Multipartite entanglement measures: a review
Mengru Ma, Yinfei Li, Jiangwei Shang
TL;DR
This review analyzes the quantification of multipartite entanglement by contrasting axiomatic (monotone) and operational measures. It surveys a broad suite of ME and GME metrics, including squashed entanglement, three-tangle, Schmidt measure, GM/GGM, GME-concurrence, and teleportation-based criteria, and connects these measures to tasks such as distillation, private keys, and teleportation fidelity.

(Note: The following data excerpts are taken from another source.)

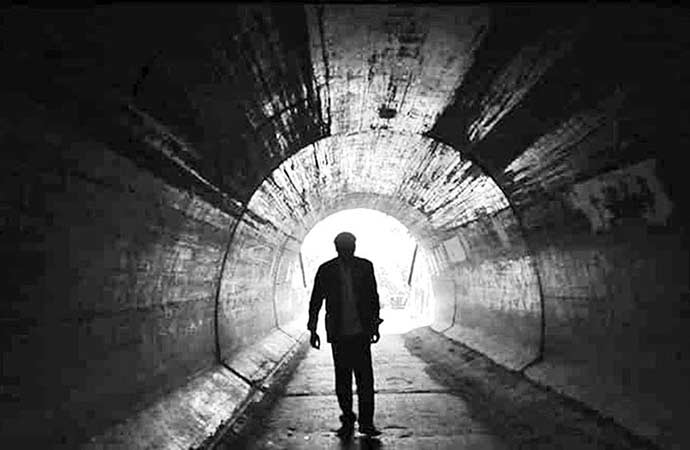 In part due to epics like War and Peace mentioned earlier, and also in no small part due to famous and iconic Russian filmmakers like Andrei Tarkovsky, who opts for very long and drawn-out scenes in his films and extended run times. The image that sticks out from his catalogue are the few extended sequence of travel in his 1979 film, Stalker. One towards the start of the film as the trio of men ride the rails out of the city and towards “The Zone.” The other comes later on in the film, after they’ve arrived at “The Zone” they walk through a tunnel for what feels like an eternity as we watch the back of one of the men’s head. Or, consider the shot of the men huddled in the destroyed building, sitting back-to-back as rain begins to pour in, and how it is long and lingering.
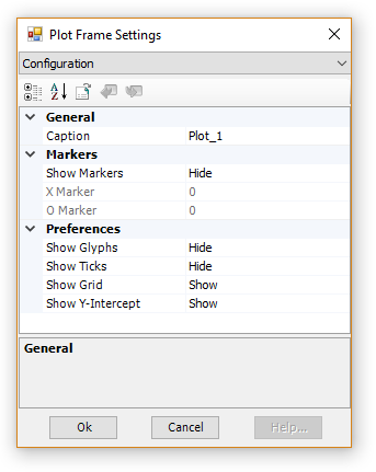 To access the Plot Frame Properties dialog, left double-click the plot title bar, or right-click over the title bar and select Plot Frame Properties.... This should bring up the Plot Frame Properties dialog window.
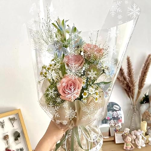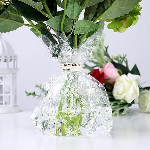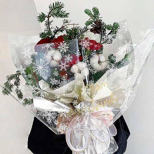 Rouleau de cellophane plié transparent imprimé avec flocon de neige, 80 cm x 30 m pour paniers, anniversaire, fête des mères, biscuits, cadeaux de Pâques
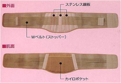 | 商品説明 | 「サロフィックス ウエストベルト」は、カイロや保冷ジェルを入れられる腰部ベルトです。腰部のポケットにカイロや保冷ジェルを入れられるので、冬でも夏でも年中お使いいただけます。Wベルトでしっかり固定し、3本のステンレス鋼版が腰を支えます。 |
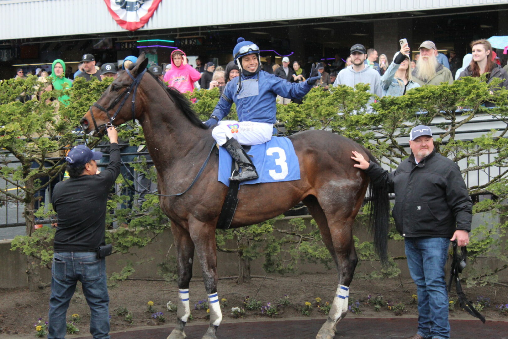 Nation’s Belle covered the 5 1/2 in 1:03.45 and is trained by Kay Cooper and owned by Blue Ribbon Racing #21. The 4-year-old is by Nationhood and out of Belltown Beauty by Speightstown and bred in Washington by Mr and Mrs Frederick Pabst.
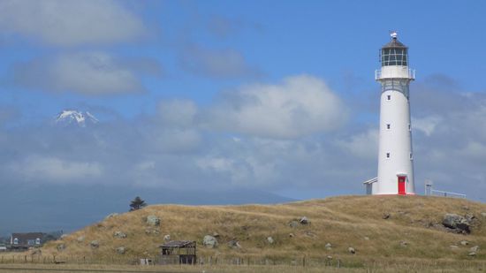 Am Ende der Cape Road stossen wir auf das Cape Egmont Lighthouse, das schon seit 1888 hier den Schiffen den Weg weisst,
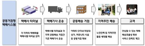 기본 형태는 국내 17개 택배사들이 지정된 '배송거점'까지 물건을 운반하고 거점부터 각 개인으로의 배달은 1개 택배사에 맡기거나, 마을 노인·이장 등 해당 지역 인력을 활용하는 것이다.
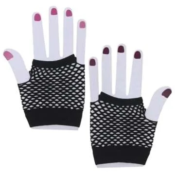 Show more Unleash Your Inner Fashionista with our 80's Punk Black Fingerless Fishnet Short Gloves, the quintessential accessory for those looking to make a statement. Designed to captivate attention and spark conversations, these gloves blend the iconic punk aesthetic with modern style, making them a must-have for parties, raves, and all special events. Constructed with a thoughtful combination of nylon and spandex, they offer a stretchable fit that allows you to dance the night away comfortably while keeping you in vogue.
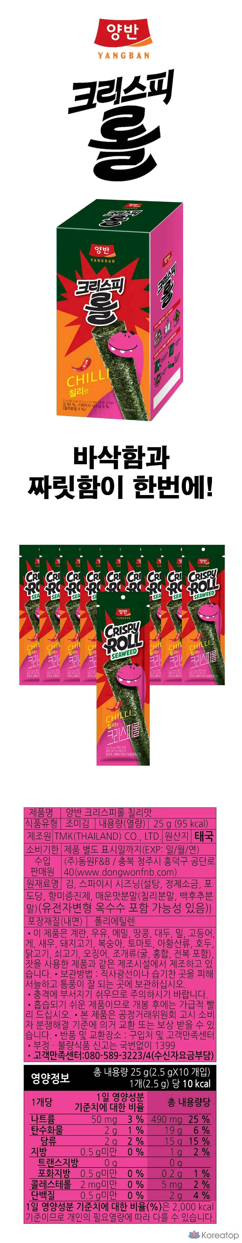 Хрустящие роллы с чили Yangban Kim Snack — это идеальный выбор для любителей острого. Эти роллы изготовлены из натуральной морской капусты и приправлены пикантным чили, что придаёт им уникальный вкус. Удобная упаковка позволяет брать их с собой в дорогу или наслаждаться ими дома. Прекрасно подходят для быстрого перекуса или дополнения к основному блюду. Попробуйте и ощутите настоящий вкус Азии! 🌶️
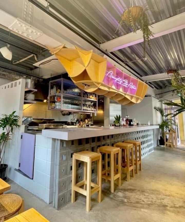 和牛100%のこだわり抜いたアメリカンスタイルのハンバーガー、アサイーボウル、旬なフルーツを使ったスムージーを提供。植物が溢れるリゾート感のある20席の店内と12席のテラス席。
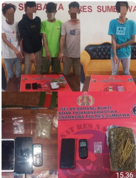 BNMG Online _ Sumbawa Besar-NTB, Tim Opsnal Sat Resnarkoba Polres Sumbawa Polda NTB berhasil mengamankan 5 orang pria karena memiliki, menguasai dan menyimpan narkoba jenis ganja.
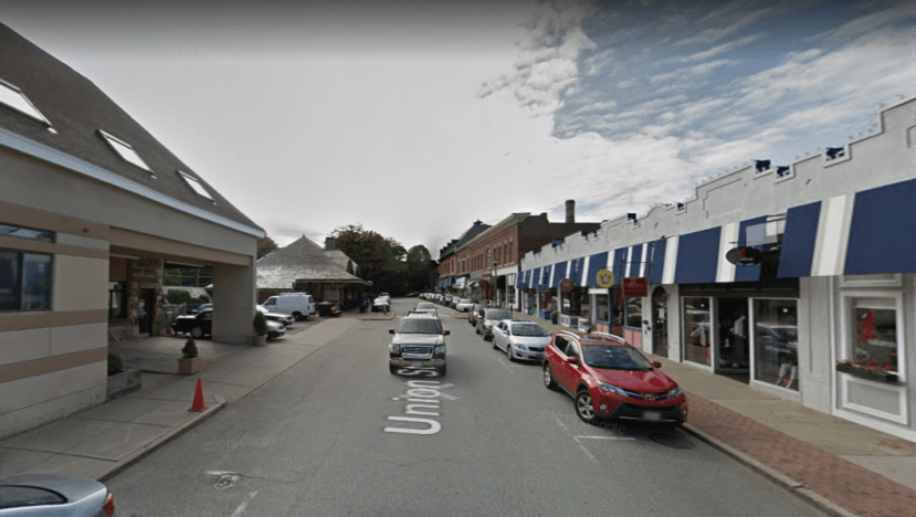 The light rail station is just to the left (south) of the street. This is a walkable suburban street with a train that comes pretty frequently all day, and yet the dominant mode of transportation here is clearly cars, as one can see in the parking lot to the left. Transit usage here is similar to the metro area’s average – Newton averages 11.9%, the Boston metro area 13.4% – but this says more about the rest of metro Boston than about Newton Centre. Nonetheless, such a location is convenient to access from the city if one lives near the Green Line, and is also reasonable convenient by car, as it is just 4 km from the freeway, and the majority of the distance is along the fast arterial that is Route 9.
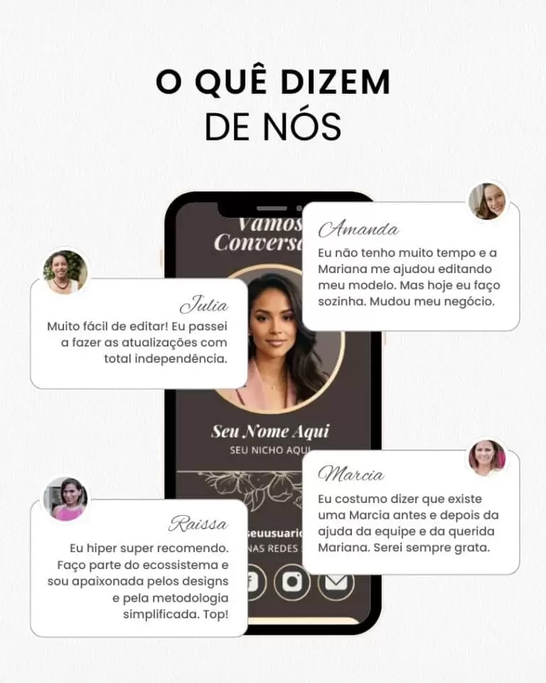 - Fácil personalização de textos, imagens, vídeos e depoimentos

The authors discuss properties, limitations, and hierarchy among measures, and outline operational notions like accessible/source entanglement and concentratable entanglement to capture practical utility under LOCC. They also highlight open questions—most notably universal GME quantification and extensions to mixed states—and argue that advancing these measures will impact quantum information processing in multipartite settings. Overall, the review provides a comprehensive roadmap for characterizing and leveraging genuine multipartite entanglement in quantum technologies.
Abstract
Quantum entanglement, a fundamental aspect of quantum mechanics, has captured significant attention in the era of quantum information science. In multipartite quantum systems, entanglement plays a crucial role in facilitating various quantum information processing tasks, such as quantum teleportation and dense coding. In this article, we review the theory of multipartite entanglement measures, with a particular focus on the genuine as well as the operational meaning of multipartite entanglement measures. By providing a thorough and valuable insight on this field, we hope that this review would inspire and guide researchers in their endeavors to further develop novel approaches for characterizing multipartite entanglement.